A&A 442, L21-L24 (2005)
DOI: 10.1051/0004-6361:200500181

Gas and dust properties in the afterglow spectra of GRB 050730[*]

R. L. C. Starling1 - P. M. Vreeswijk2 - S. L. Ellison3 - E. Rol4 - K. Wiersema1 - A. J. Levan4,5 - N. R. Tanvir5 - R. A. M. J. Wijers1 - C. Tadhunter6 - J. R. Zaurin6 - R. M. Gonzalez Delgado7 - C. Kouveliotou8


1 - Astronomical Institute "Anton Pannekoek'', University of Amsterdam, Kruislaan 403, 1098 SJ Amsterdam, The Netherlands
2 - European Southern Observatory, Alonso de Córdova 3107, Casilla 19001, Santiago 19, Chile
3 - Dept. of Physics and Astronomy, University of Victoria, Elliott Building, 3800 Finnerty Rd, Victoria, BC, V8P 1A1, Canada
4 - Dept. of Physics and Astronomy, University of Leicester, University Road, Leicester LE1 7RH, UK
5 - Centre for Astrophysics Research, University of Hertfordshire, College Lane, Hatfield, Herts. AL10 9AB, UK
6 - Dept. of Physics and Astronomy, The Hicks Building, University of Sheffield, Sheffield S3 7RH, UK
7 - Instituto de Astrofisica de Andalucia (CSIC), PO Box 3004, 18080 Granada, Spain
8 - NASA Marshall Space Flight Center, NSSTC, XD-12, 320 Sparkman Drive, Huntsville, AL 35805, USA

Received 11 August 2005 / Accepted 3 September 2005

Abstract
We present early WHT ISIS optical spectroscopy of the afterglow of gamma-ray burst GRB 050730. The spectrum shows a DLA system with the highest measured hydrogen column to date: N(H I) = $22.1 \pm 0.1$ at the third-highest GRB redshift z = 3.968. Our analysis of the Swift XRT X-ray observations of the early afterglow show X-ray flares accompanied by decreasing X-ray absorption. From both the optical and the X-ray spectra we constrain the dust and gas properties of the host galaxy. We find the host to be a low metallicity galaxy, with low dust content. Much of the X-ray absorbing gas is situated close to the GRB, whilst the H I absorption causing the DLA is most likely located further out.

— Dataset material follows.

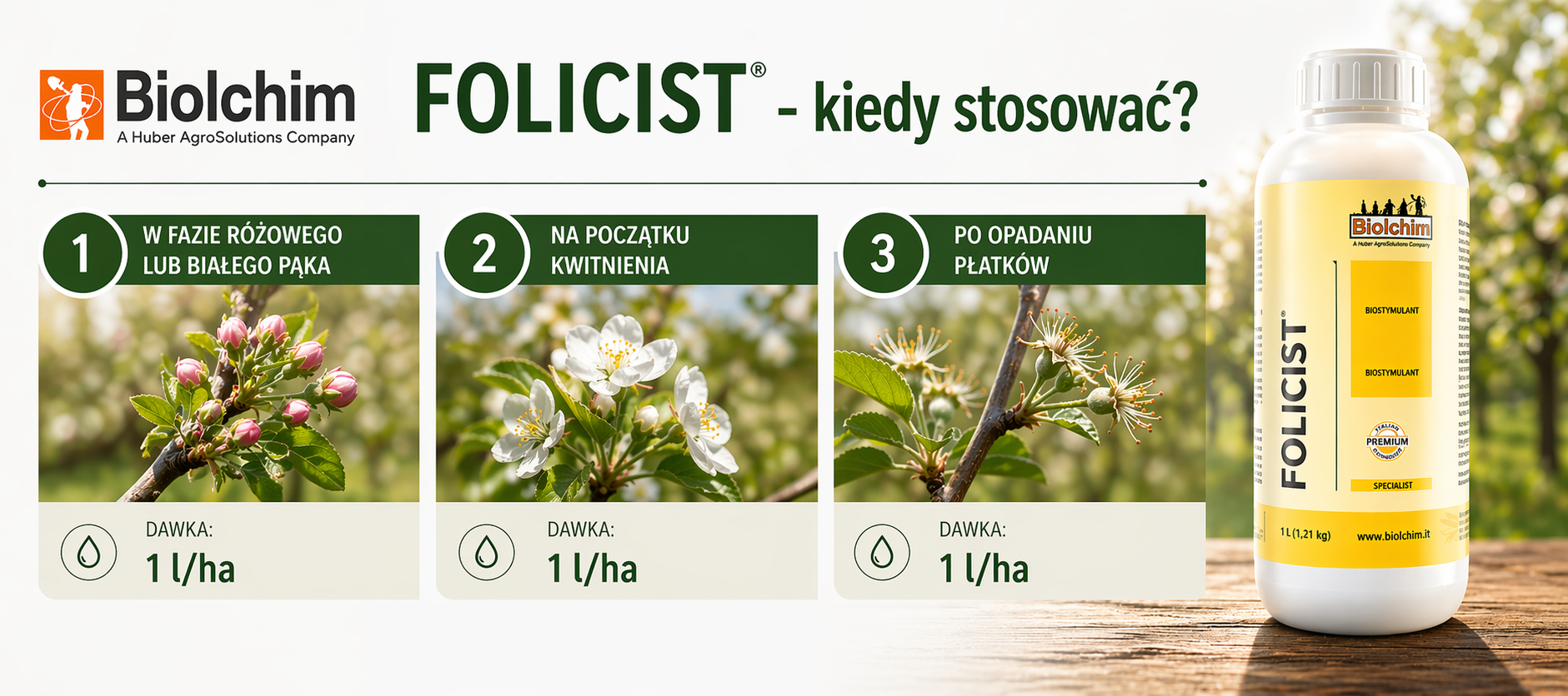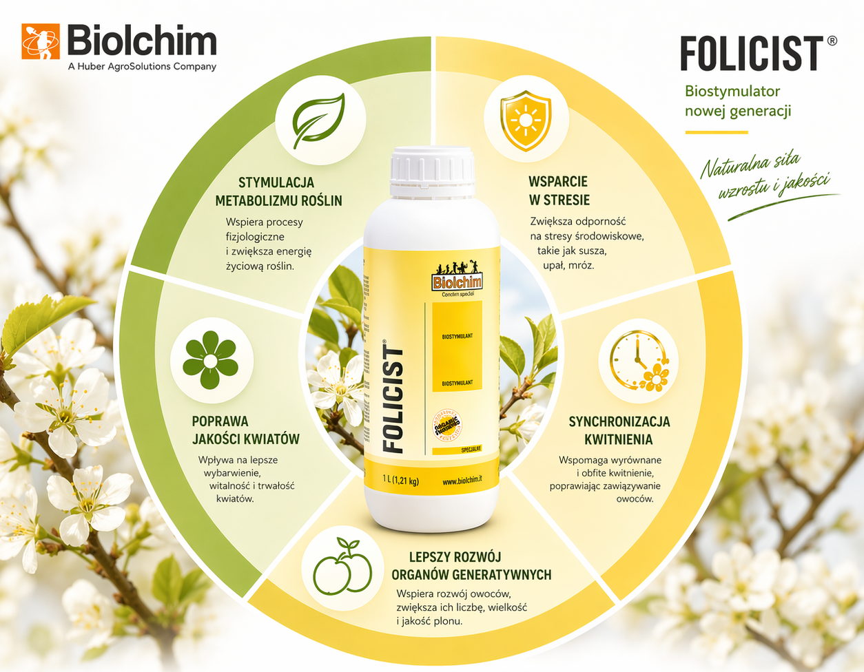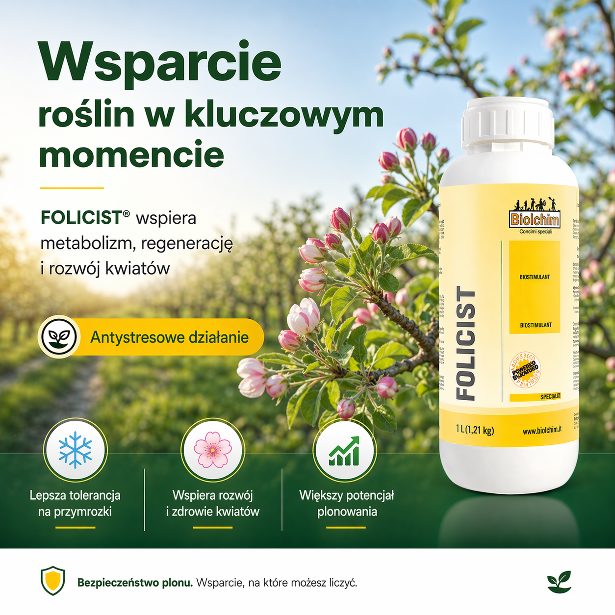 Jednym z rozwiązań stosowanych w praktyce sadowniczej jest FOLICIST® – biostymulator opracowany z myślą o okresach najwyższego zapotrzebowania energetycznego roślin, takich jak faza przedkwitnieniowa i kwitnienie.

Key words: gamma rays: bursts - galaxies: distances and redshifts - cosmology: observations

1 Introduction

Gamma-ray bursts (GRBs) have proven to be excellent probes of the distant Universe. High luminosity GRB afterglows allow absorption line studies of the ISM at high redshift to at least z=4.5 (see Andersen et al. 2000). The launch and successful operation of the Swift satellite means more GRBs are being localised and afterglows studied. Subsequently, the number of high redshift bursts suitable for host galaxy spectral studies has dramatically increased. Deep observations of afterglow positions have detected host galaxies in almost all cases (e.g. Conselice et al. 2005). Most hosts are compact, actively star-forming galaxies and, where the relevant data are available, are found to have low metallicity and low intrinsic extinction (e.g. Berger et al. 2003; Tanvir et al. 2004; Christensen et al. 2004). However, in a few cases, radio/submm observations of hosts give a star-formation rate (SFR) which is of order a few to $\sim $100 times larger than rates derived from optical estimators such as the line luminosities of H$\alpha$ and [O II] or the 2800 Å restframe UV continuum flux (e.g. Berger et al. 2003). This may be caused by strong dust obscuration, but neither spectra nor colours of hosts show strong internal extinction. Afterglow spectroscopy provides a unique window on the near environment of GRBs (e.g. GRB 021004, Schaefer et al. 2003; Fiore et al. 2005; Starling et al. 2005), allowing us to probe the absorbing dust and gas properties in more detail. In this Letter we present optical and X-ray spectra of GRB 050730, discovered by Swift on July 30th 2005, 19:58:23 UT (Holland et al. 2005) and lying at a redshift of z=3.97 (Chen et al. 2005a; Rol et al. 2005), in which we study the circumburst gas and dust properties.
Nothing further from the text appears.